What the task asks - Each line of the material, from the first through the one containing "从左至右(效果图):雄安万豪万枫酒店外观、大堂、客房", is to be written out exactly.

Source information -
=====
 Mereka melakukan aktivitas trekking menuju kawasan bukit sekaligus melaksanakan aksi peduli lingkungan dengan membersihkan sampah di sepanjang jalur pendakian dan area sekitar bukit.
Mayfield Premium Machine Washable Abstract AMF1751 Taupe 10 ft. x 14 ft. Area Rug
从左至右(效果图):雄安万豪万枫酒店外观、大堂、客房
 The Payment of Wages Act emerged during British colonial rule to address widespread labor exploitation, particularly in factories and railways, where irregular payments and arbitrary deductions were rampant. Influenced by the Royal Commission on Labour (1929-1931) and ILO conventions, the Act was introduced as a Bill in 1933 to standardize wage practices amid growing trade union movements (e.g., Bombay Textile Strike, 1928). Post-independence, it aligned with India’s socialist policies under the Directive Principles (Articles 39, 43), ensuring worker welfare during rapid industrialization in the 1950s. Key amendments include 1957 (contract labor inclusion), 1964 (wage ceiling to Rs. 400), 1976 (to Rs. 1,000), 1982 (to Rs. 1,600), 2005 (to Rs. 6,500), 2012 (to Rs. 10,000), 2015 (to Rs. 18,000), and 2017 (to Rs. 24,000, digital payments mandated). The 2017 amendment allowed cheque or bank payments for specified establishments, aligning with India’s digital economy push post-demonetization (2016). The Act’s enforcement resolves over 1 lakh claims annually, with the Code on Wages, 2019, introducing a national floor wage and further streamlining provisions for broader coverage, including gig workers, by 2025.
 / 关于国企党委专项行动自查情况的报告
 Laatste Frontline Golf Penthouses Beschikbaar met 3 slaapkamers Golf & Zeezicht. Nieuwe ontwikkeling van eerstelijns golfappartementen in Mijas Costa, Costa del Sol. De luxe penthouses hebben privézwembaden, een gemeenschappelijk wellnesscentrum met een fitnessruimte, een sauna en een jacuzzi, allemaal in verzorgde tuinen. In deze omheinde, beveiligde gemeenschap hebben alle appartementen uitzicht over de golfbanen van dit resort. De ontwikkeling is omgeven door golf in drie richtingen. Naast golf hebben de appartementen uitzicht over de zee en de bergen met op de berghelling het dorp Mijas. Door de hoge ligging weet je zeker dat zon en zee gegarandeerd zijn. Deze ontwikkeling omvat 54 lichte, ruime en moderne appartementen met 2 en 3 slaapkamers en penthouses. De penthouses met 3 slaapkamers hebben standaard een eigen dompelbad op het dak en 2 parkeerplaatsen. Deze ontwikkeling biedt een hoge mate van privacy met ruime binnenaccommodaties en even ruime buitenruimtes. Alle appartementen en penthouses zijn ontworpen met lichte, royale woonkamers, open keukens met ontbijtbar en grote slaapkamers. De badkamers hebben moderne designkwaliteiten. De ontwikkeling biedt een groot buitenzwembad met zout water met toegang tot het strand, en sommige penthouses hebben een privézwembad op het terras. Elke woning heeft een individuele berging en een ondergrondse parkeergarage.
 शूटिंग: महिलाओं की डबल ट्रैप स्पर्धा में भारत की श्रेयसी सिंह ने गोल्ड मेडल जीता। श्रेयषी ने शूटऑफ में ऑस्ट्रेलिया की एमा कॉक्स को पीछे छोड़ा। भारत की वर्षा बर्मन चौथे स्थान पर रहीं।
=====
Response for this exercise -
 Mereka melakukan aktivitas trekking menuju kawasan bukit sekaligus melaksanakan aksi peduli lingkungan dengan membersihkan sampah di sepanjang jalur pendakian dan area sekitar bukit.
Mayfield Premium Machine Washable Abstract AMF1751 Taupe 10 ft. x 14 ft. Area Rug
从左至右(效果图):雄安万豪万枫酒店外观、大堂、客房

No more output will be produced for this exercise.